In deze zaak heeft de Hoge Raad op 5 juli 2019 uitspraak gedaan in een cassatieprocedure betreffende kinderalimentatie. De man, verzoeker tot cassatie, en de vrouw, verweerder in cassatie, zijn de ouders van een minderjarige zoon. De vrouw had verzocht om vaststelling van de kinderalimentatie, die door de rechtbank Rotterdam was vastgesteld op € 452,50 per maand. Het gerechtshof Den Haag heeft deze beschikking echter vernietigd en de alimentatie verlaagd naar € 279,-- per maand voor de periode van 23 november 2016 tot en met 31 december 2017, en naar € 308,-- per maand voor 2018.
De man heeft cassatie ingesteld tegen deze beschikking, waarbij hij betoogde dat het hof de draagkracht onjuist had vastgesteld. De Hoge Raad oordeelde dat het hof bij de bepaling van de kinderalimentatie niet voldoende rekening had gehouden met de draagkracht van de man, die was vastgesteld op € 145,-- per maand. De Hoge Raad concludeerde dat het hof blijk had gegeven van een onjuiste rechtsopvatting, omdat de vastgestelde alimentatie hoger was dan de draagkracht van de man.

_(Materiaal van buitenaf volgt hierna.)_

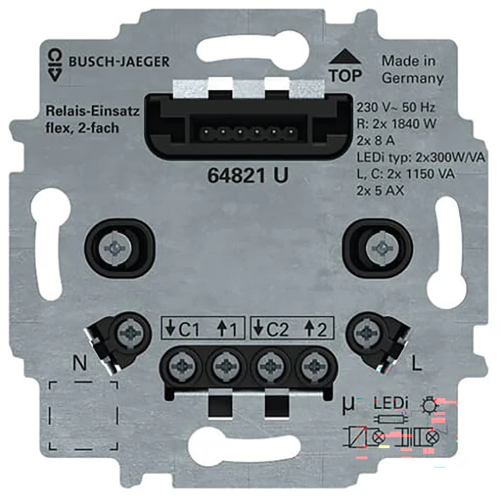 Busch flexTronics relaissokkel 2-voudig 3-draads (nuldraad vereist) t.b.v. besturen rolluik-, relaisso- of markiesmotor met mechanische of electronische eindschakelaar. |

Daarnaast werd er geklaagd over de schuldenlast van de man, waarbij het hof slechts een aflossingsbedrag van € 500,-- per maand in aanmerking had genomen. De Hoge Raad oordeelde dat het hof niet voldoende had gemotiveerd waarom dit bedrag redelijk was, en dat het hof niet was ingegaan op de stellingen van de man over zijn werkelijke aflossingen. De Hoge Raad vernietigde de beschikking van het gerechtshof en verwees de zaak naar het gerechtshof Amsterdam voor verdere behandeling.